■ **AIM OF THE TASK**: With the pictures set aside, write out all of the data exactly as it stands.

■ **INPUT DATA**:
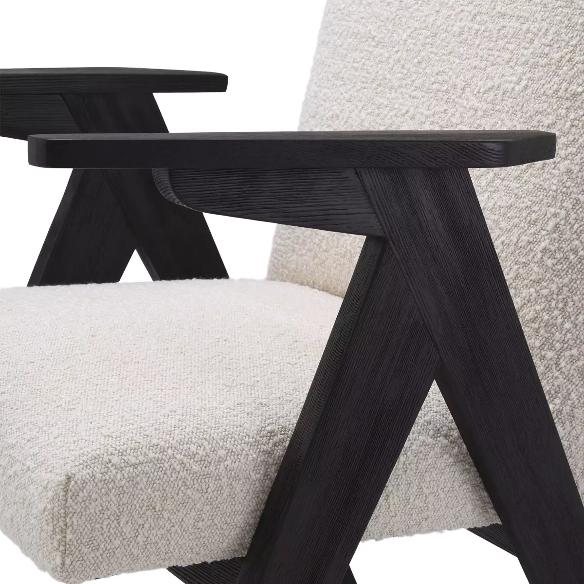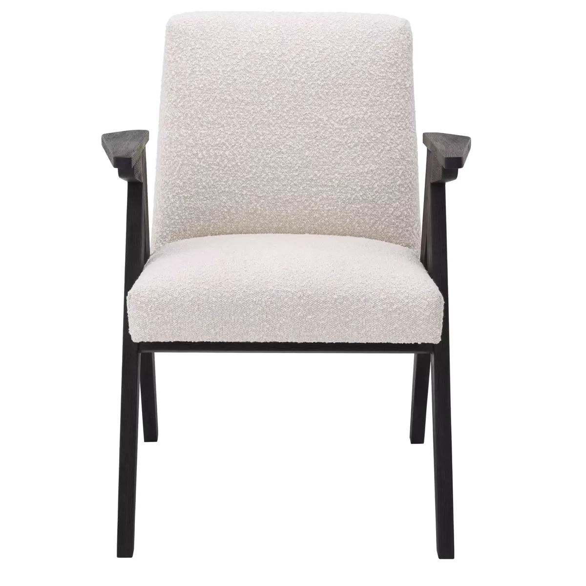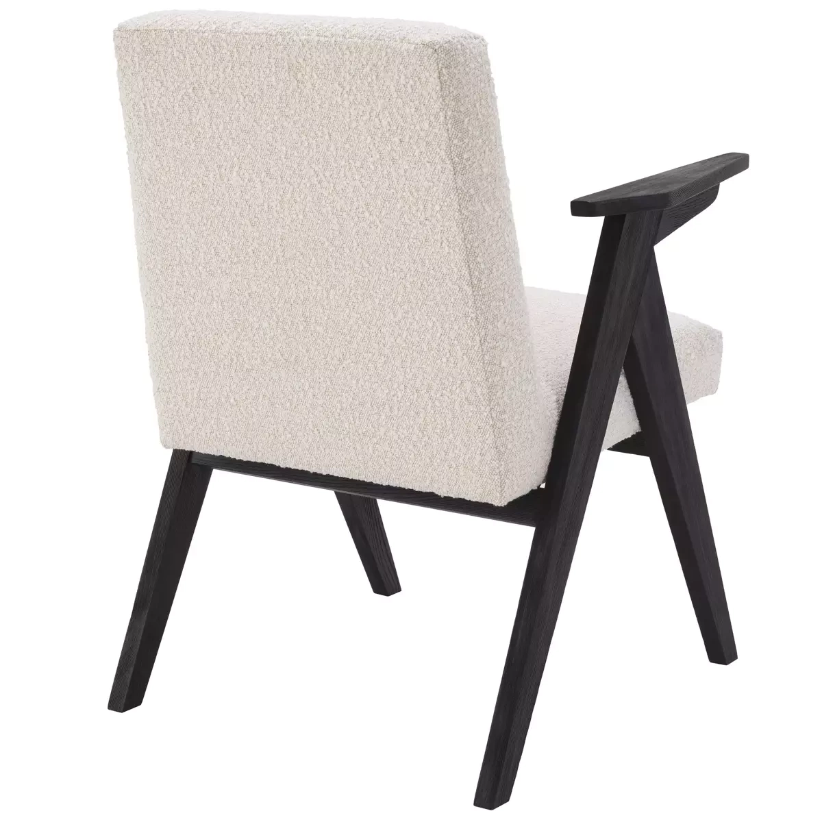 - Krzesło Bobo firmy Eichholtz zostało wykonane w tkaninie Krem Bouclé oraz wykończone czarnymi nogami.
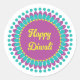 Stickers Diwali Joyeux Circulaire avec thème de couleur violet, jaune et turquoise. Ces autocollants peuvent être personnalisés avec un message personnel. Veuillez envoyer un message pour plus de requêtes.
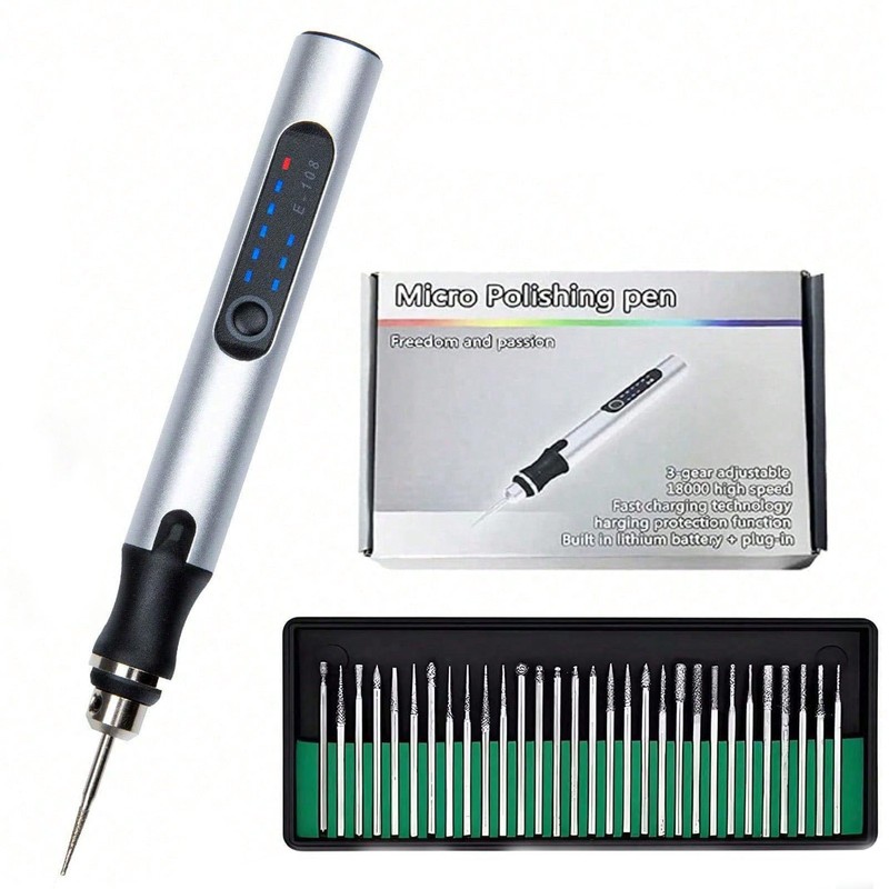 ATRONAW 1pc High Speed Nail Care Pen with 30 Drills, LCD Display, Electric Engraving Pen Grinder, Adjustable Speed polishing Pen, Lithium mini Electric Grinder for Acrylic and Gel Nails. (Silvery)

■ **FINISHED TASK**:
 - Krzesło Bobo firmy Eichholtz zostało wykonane w tkaninie Krem Bouclé oraz wykończone czarnymi nogami.
 Stickers Diwali Joyeux Circulaire avec thème de couleur violet, jaune et turquoise. Ces autocollants peuvent être personnalisés avec un message personnel. Veuillez envoyer un message pour plus de requêtes.
 ATRONAW 1pc High Speed Nail Care Pen with 30 Drills, LCD Display, Electric Engraving Pen Grinder, Adjustable Speed polishing Pen, Lithium mini Electric Grinder for Acrylic and Gel Nails. (Silvery)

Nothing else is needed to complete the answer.